PROVIDED INFORMATION ::

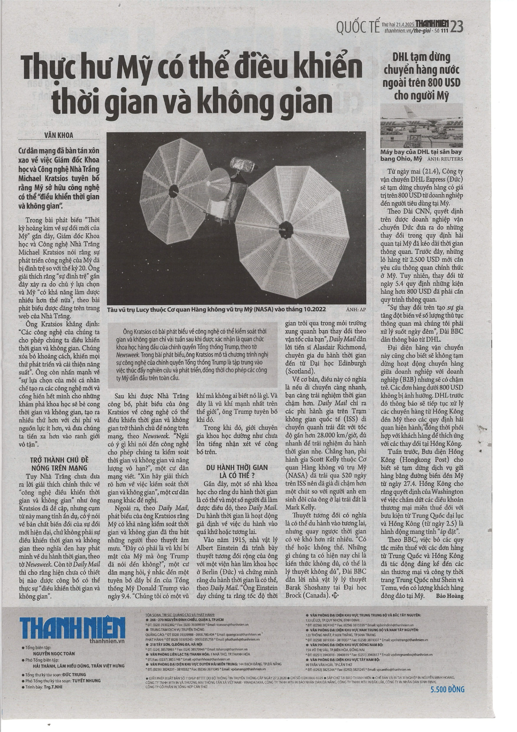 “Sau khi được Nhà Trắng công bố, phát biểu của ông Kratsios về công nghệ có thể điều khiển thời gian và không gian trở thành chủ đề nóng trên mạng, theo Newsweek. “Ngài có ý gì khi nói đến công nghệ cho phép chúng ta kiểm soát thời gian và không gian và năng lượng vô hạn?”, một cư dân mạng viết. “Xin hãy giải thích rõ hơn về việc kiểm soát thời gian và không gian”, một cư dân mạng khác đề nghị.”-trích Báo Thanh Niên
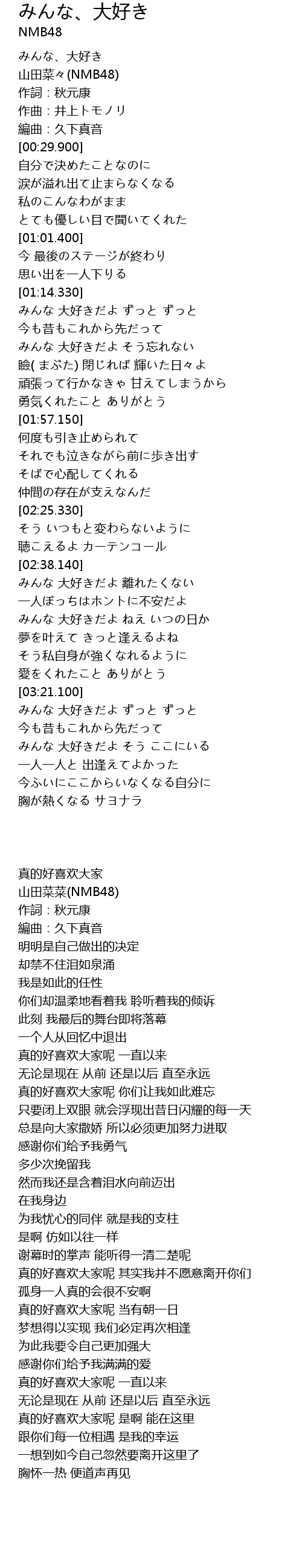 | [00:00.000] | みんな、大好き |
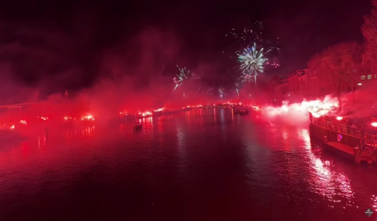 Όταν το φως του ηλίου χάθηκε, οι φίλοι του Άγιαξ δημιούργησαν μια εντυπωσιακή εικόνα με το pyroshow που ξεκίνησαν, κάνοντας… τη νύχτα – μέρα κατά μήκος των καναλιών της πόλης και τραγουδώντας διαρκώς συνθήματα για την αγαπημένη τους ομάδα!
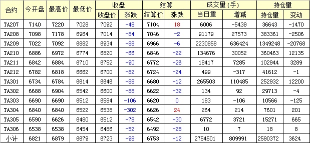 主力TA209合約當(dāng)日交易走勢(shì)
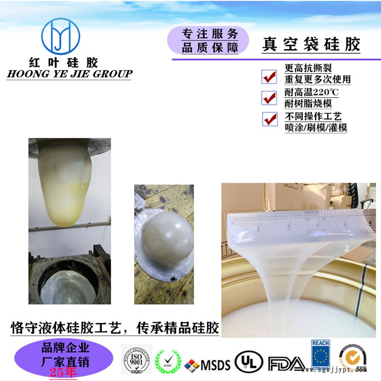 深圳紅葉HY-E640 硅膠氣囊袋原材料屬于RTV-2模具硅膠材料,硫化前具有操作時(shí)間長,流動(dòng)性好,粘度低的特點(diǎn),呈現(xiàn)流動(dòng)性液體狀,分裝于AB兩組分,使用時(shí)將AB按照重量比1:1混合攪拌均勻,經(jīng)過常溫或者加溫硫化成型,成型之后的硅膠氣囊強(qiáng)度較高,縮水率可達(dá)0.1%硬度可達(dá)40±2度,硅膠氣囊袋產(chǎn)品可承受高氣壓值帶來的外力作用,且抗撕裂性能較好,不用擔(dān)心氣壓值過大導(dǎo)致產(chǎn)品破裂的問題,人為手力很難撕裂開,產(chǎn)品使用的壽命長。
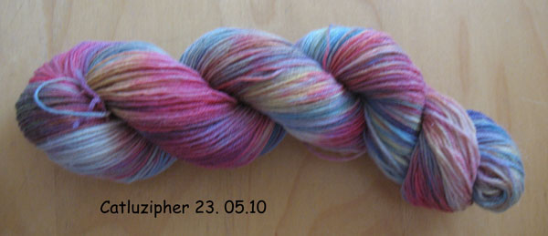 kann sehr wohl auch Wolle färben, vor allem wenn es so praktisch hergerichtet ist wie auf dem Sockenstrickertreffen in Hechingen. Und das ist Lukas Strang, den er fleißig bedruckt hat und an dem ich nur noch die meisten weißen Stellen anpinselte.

EXERCISE :: The entries above are to be repeated exactly, except for any pictures.

ANSWER TO THE PROBLEM ::
 “Sau khi được Nhà Trắng công bố, phát biểu của ông Kratsios về công nghệ có thể điều khiển thời gian và không gian trở thành chủ đề nóng trên mạng, theo Newsweek. “Ngài có ý gì khi nói đến công nghệ cho phép chúng ta kiểm soát thời gian và không gian và năng lượng vô hạn?”, một cư dân mạng viết. “Xin hãy giải thích rõ hơn về việc kiểm soát thời gian và không gian”, một cư dân mạng khác đề nghị.”-trích Báo Thanh Niên
 | [00:00.000] | みんな、大好き |
 Όταν το φως του ηλίου χάθηκε, οι φίλοι του Άγιαξ δημιούργησαν μια εντυπωσιακή εικόνα με το pyroshow που ξεκίνησαν, κάνοντας… τη νύχτα – μέρα κατά μήκος των καναλιών της πόλης και τραγουδώντας διαρκώς συνθήματα για την αγαπημένη τους ομάδα!
 主力TA209合約當(dāng)日交易走勢(shì)
 深圳紅葉HY-E640 硅膠氣囊袋原材料屬于RTV-2模具硅膠材料,硫化前具有操作時(shí)間長,流動(dòng)性好,粘度低的特點(diǎn),呈現(xiàn)流動(dòng)性液體狀,分裝于AB兩組分,使用時(shí)將AB按照重量比1:1混合攪拌均勻,經(jīng)過常溫或者加溫硫化成型,成型之后的硅膠氣囊強(qiáng)度較高,縮水率可達(dá)0.1%硬度可達(dá)40±2度,硅膠氣囊袋產(chǎn)品可承受高氣壓值帶來的外力作用,且抗撕裂性能較好,不用擔(dān)心氣壓值過大導(dǎo)致產(chǎn)品破裂的問題,人為手力很難撕裂開,產(chǎn)品使用的壽命長。
 kann sehr wohl auch Wolle färben, vor allem wenn es so praktisch hergerichtet ist wie auf dem Sockenstrickertreffen in Hechingen. Und das ist Lukas Strang, den er fleißig bedruckt hat und an dem ich nur noch die meisten weißen Stellen anpinselte.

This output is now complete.